Saturday, March 28, 2009

Intel 6


Chip giant Intel Corp. unveiled a 10-kilowatt solar installation near its New Mexico manufacturing plant this weekend, launching its latest foray into clean energy for power-hungry data centers. While energy generated by the array’s 64 Sharp solar panels will feed into the local electricity grid and tractor-trailer-sized test racks of computers — rather than directly powering the roughly 5,000 servers at Intel’s facility — the company said it hopes solar can eventually boost the data center’s power supply during times of peak demand.

The containers could also lead to solar-powered servers on a larger scale. As Data Center Knowledge explains, solar has made few inroads with data centers because “the large amounts of energy required to power the servers and cooling equipment in modern mission-critical facilities” would demand massive, expensive PV installations. Containers present the option of lower-cost modular systems.

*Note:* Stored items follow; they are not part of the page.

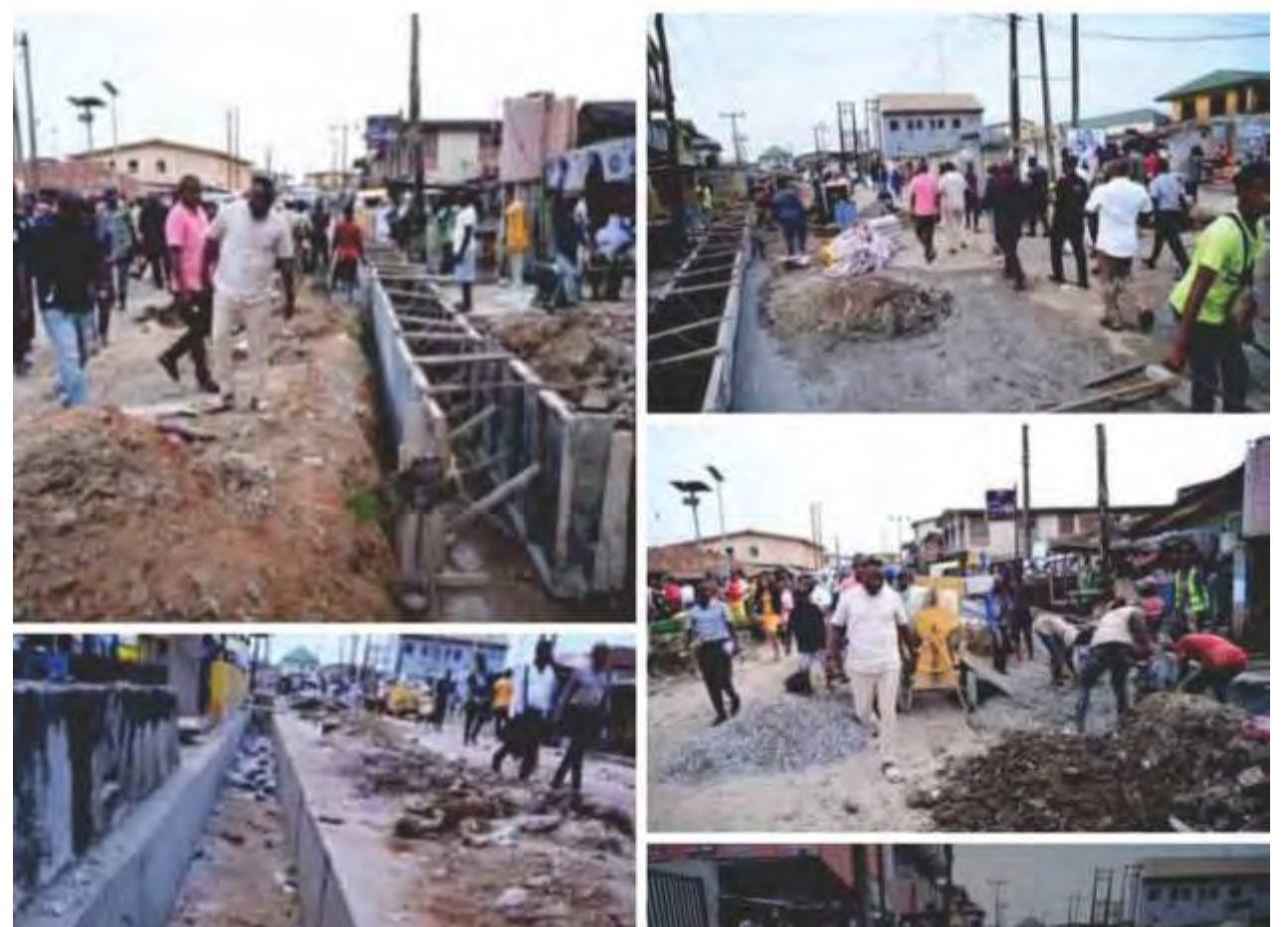
ongoing construction work at Mukandasi Street

lack of fund, but we shall ensure it is finished in time so that our people can enjoy the usage."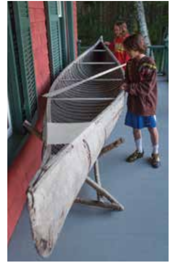
Total attendance at the Park increased 17% in 2016.

increased nine percent (9%), Tea with Eleanor ticket/group sales increased forty-two percent (42%). Sales at the gift shop were flat. The late cancellation of eight groups from one client brought Conference sales down twenty-seven (27%).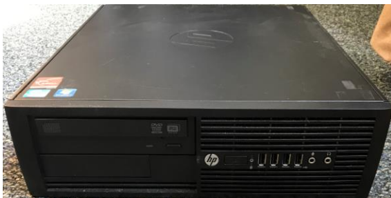
HP Compaq Pro 4300 SFF – Qty: 3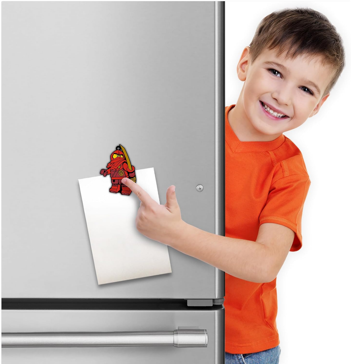
Image: The magnet attached to a refrigerator, demonstrating its intended use for holding notes or as decoration.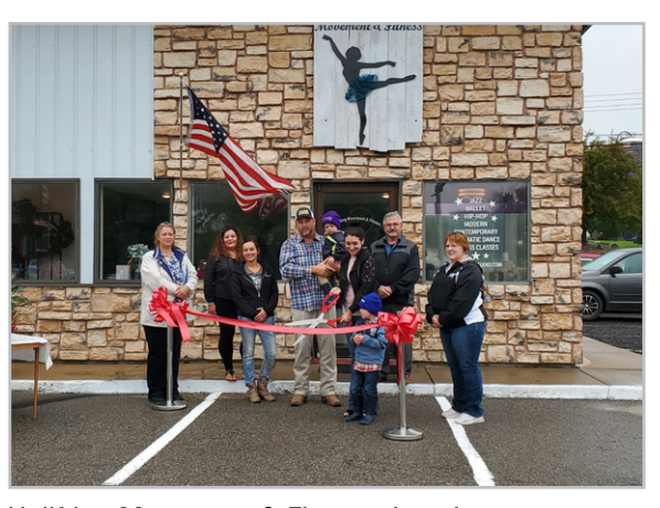
Uplifting Movement & Fitness, Loyal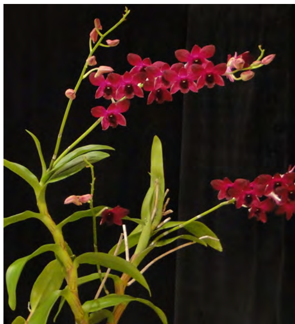
Den. Princess Misaki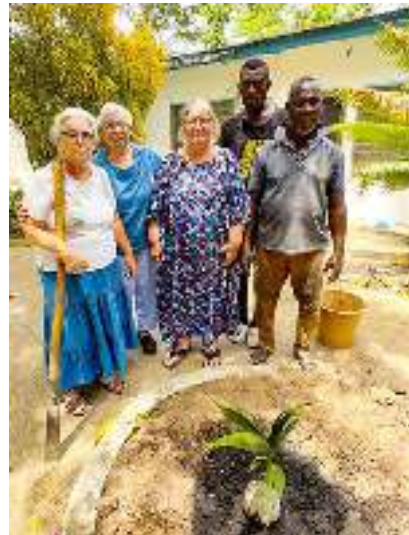
DMJ Sisters Planting Coconut Tree

lives over the years, and we are confident that the benefits of their efforts will continue to yield good results. We will work hard to maintain the DMJ charism and continue caring for the people 'for whom society says there is no place'. We are sorry to see them go and wish them well in their future ministries.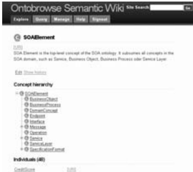
Figure 1: A generic concept in Ontobrowse

In order to integrate architectural descriptions of a SOA into the wiki, one has to perform two distinct steps: First, the users of the wiki need to agree upon a unifying SOA ontology . The ontology defines the terminology of the architecture together with relations and constraints. The terminology can usually be displayed as a concept hierarchy, with a generic concept such as “SOAElement” subsuming more specific concepts such as “Service” and “BusinessObject” (see Figure 1).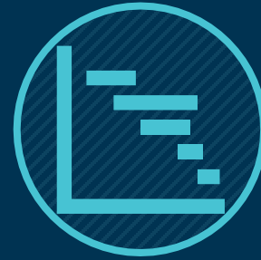
Pro's and con's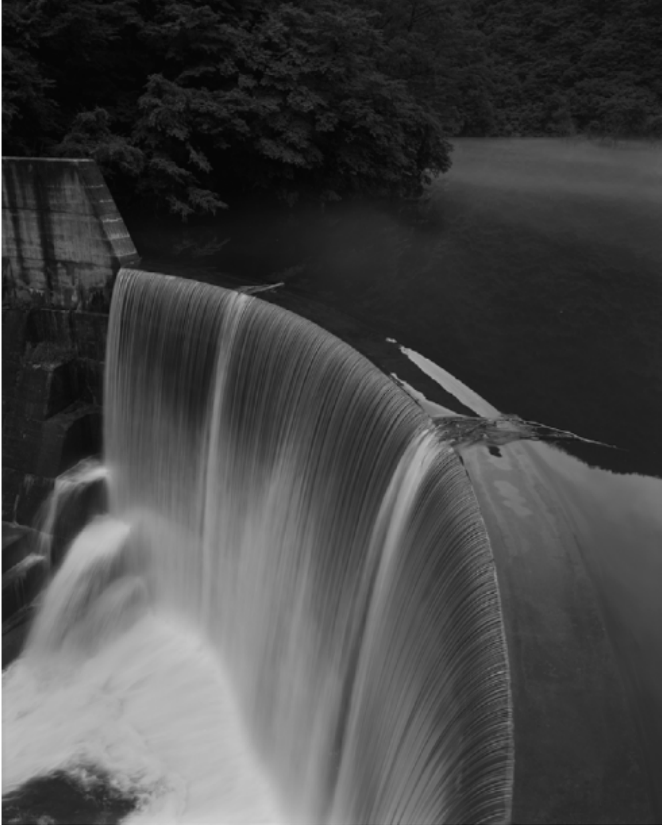
Kashima Town, Fukushima Prefecture, 1990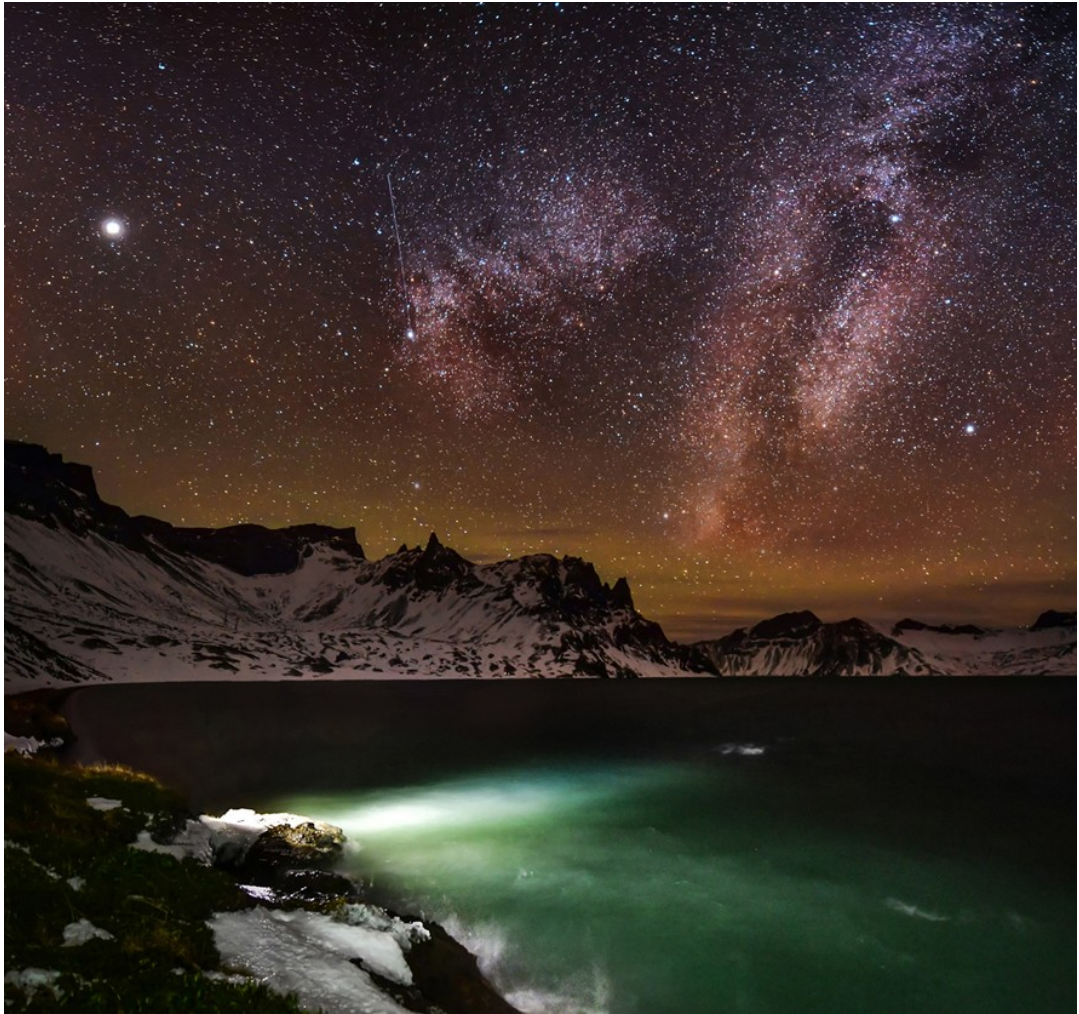
The Galaxy draped across the sky over Lake Chon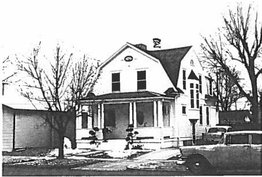
1055 Main St., Grand Junction, Mesa Co, CO 2945-144-23-006 1/30/1996 Roll 22 Frame 15 View N Dir SE 5ME7894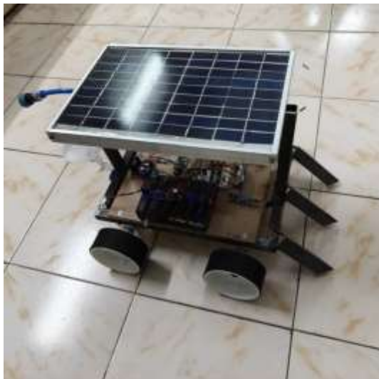
Figure 2: Solar-Powered Agribot Hardware Prototype Result Description

The Solar-Powered Agribot hardware prototype was successfully developed and tested under field-like conditions. The robot consists of a solar panel mounted on the top surface, rechargeable battery, ESP32 controller, geared DC motors, ploughing blades at the front, seed dispensing servo mechanism, water sprinkler system, and IoT communication module. The solar panel continuously charges the onboard battery, enabling sustainable autonomous operation in agricultural fields without dependence on external power sources.

Intel’s new $200,000 project, installed above a parking lot, comes as just the latest trial in the company’s ongoing search for ways to conserve energy and secure more stable sources of power. Intel has placed its chips, so to speak, on going off-grid — and off oil. It installed an $800,000, 100-kilowatt photovoltaic system at its Hillsboro, Ore., campus last month, and the chipmaker’s investment arm, Intel Capital, has taken a shine to cleantech startups with aggressive timelines.

In a time when researchers expect more than 70 percent of U.S. enterprise data centers to face “tangible disruptions related to energy consumption,” rising costs, and growing area needs in less than two years, Intel is hardly the only tech company wrestling with this. Google has been looking at solar thermal, wind, geothermal and even wave power. For both companies, the clock is ticking.